1. Drag a new Processor onto the flow

   * Select the *PutKineticaFromFile* type

2. *Settings* tab:

   * Under *Auto terminate Relationships*, check the *failure* and *success*
     options.

3. *Properties* tab:

   * *Server URL*: The URL of the *Kinetica* instance you are using.  This
     will be:

     * Format:  `http://<db.host>:9191`
     * Example:  `http://localhost:9191;CombinePrepareAndExecute=1;RowsPerFetch=20000`

   * *Collection Name*: Set this value if you want the table created in a
     collection.

   * *Table Name*: The name of the table to write to

   * *Schema*: A CSV string, where each entry is:

     * Format:  `<fieldname>|<data type>[|<subtype>]`
     * Example:

       ```
       X|Float|data,Y|Float|data,TIMESTAMP|Long|data,TEXT|String|text_search
       ```

     For more details on schemas, read the *Kinetica* documentation.

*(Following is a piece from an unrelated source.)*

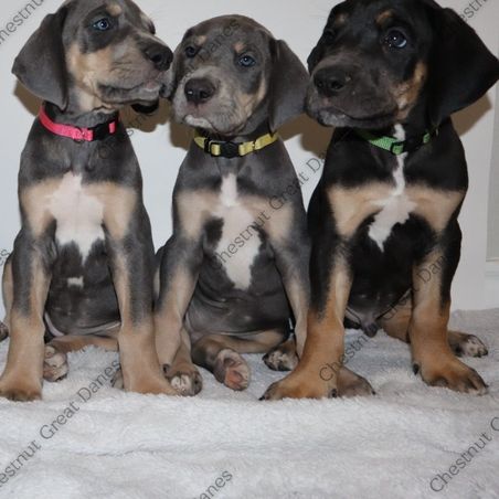 Chestnut Great Danes reports to performing the health tests below on their breeding dogs. Ask your breeder about the tests performed on the parents of your litter. Learn more about health testing for Great Danes.
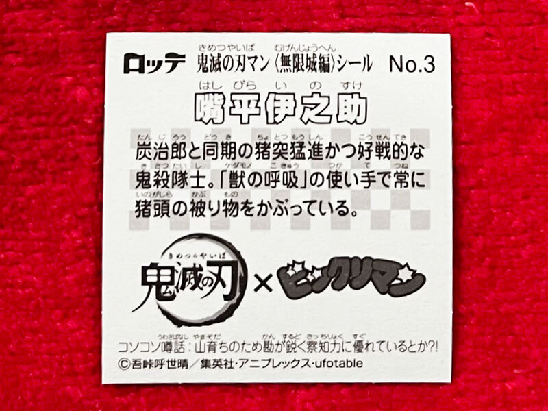 | アイテム | 嘴平伊之助 3 ビックリマン シール |

   * *Delimiter*: The delimiter used in the file (e.g., comma, tab, pipe,
     etc.); defaults to `,`

   * *Escape Character*: The character used to escape other characters in the
     data (e.g., `\`); defaults to `"`

   * *Quote Character*: The character used to quote column data in the file
     (e.g., `"` or `'`); defaults to `"`

   * *File Has Header*: Whether the first line of the file is a header row or
     not; defaults to `true`

   * *Batch Size*: The size of the batch to compress for efficient loading

   * *Error Handling*: If `true`, the processor will skip rows that can't
     be loaded successfully (due to parse error, etc.); if `false`, the
     processor will stop loading as soon as an error occurs; defaults to
     `true`

   * *Username*: *Kinetica* login username

   * *Password*: *Kinetica* login password

   * *Update on Existing PK*: If a *primary key (PK)* is defined for a table,
     then there are two options for handling each new record pending insert
     that has a PK value matching an existing record in the target table.  If
     set to `true`, the record in the target table will be updated with the
     new record's values; if `false`, the new record will be discarded;
     defaults to `false`

   * *Replicate Table*: If `true`, the target table will be *replicated*;
     if `false`, the table will be *distributed*; defaults to `false`

   * *Date Format*: The date format to use to parse values in any *datetime*
     fields (e.g., `dd-MM-yyyy hh:mm:ss`)

   * *TimeZone*: Provide the timezone if the date is not from your local
     timezone

4. Create a connector between the data source processor and the
   *PutKineticaFromFile* processor

   * *Details* tab: check the *with coordinates* option.

The input for the *PutKineticaFromFile* processor is a delimited file.